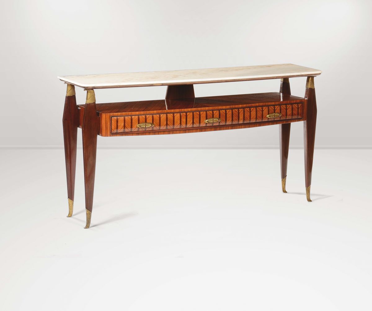 Consolle in legno con piano in onice e dettagli in ottone.
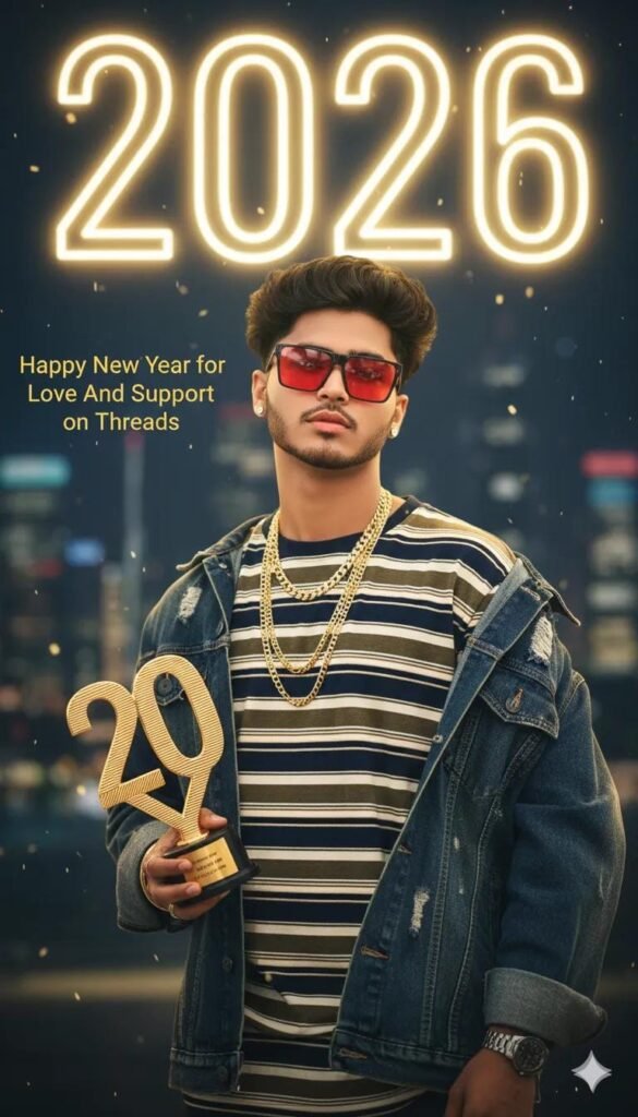 Create a hyper-realistic, ultra-detailed 100% same photo hair,and is wearing a vintage horizontal striped oversized full-sleeve shirt,layered gold Cuban chain necklaces, and a single small diamond earring.His red sunglasses .8k ultra HD of aman with your reference face standing in a Mordern denim jacket red a golden "2026" Threads trophy. Behind him, giant glowing "2026" numbers, golden follower -gold text: "Happy New Year" for the Love And Support on ThreadsJust Tap on Prompt to copy full Prompt ⤵️
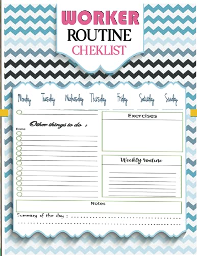 worker routine checklist: achieve all your goals and spectacular results. Save time, get good results by using this productivity tool. Work accessory to boost your productivity.

......

◆ REQUIRED WORK
Print all the lines above exactly as they are, but without the pictures.

◆ WORKED SOLUTION
 Consolle in legno con piano in onice e dettagli in ottone.
 Create a hyper-realistic, ultra-detailed 100% same photo hair,and is wearing a vintage horizontal striped oversized full-sleeve shirt,layered gold Cuban chain necklaces, and a single small diamond earring.His red sunglasses .8k ultra HD of aman with your reference face standing in a Mordern denim jacket red a golden "2026" Threads trophy. Behind him, giant glowing "2026" numbers, golden follower -gold text: "Happy New Year" for the Love And Support on ThreadsJust Tap on Prompt to copy full Prompt ⤵️
 worker routine checklist: achieve all your goals and spectacular results. Save time, get good results by using this productivity tool. Work accessory to boost your productivity.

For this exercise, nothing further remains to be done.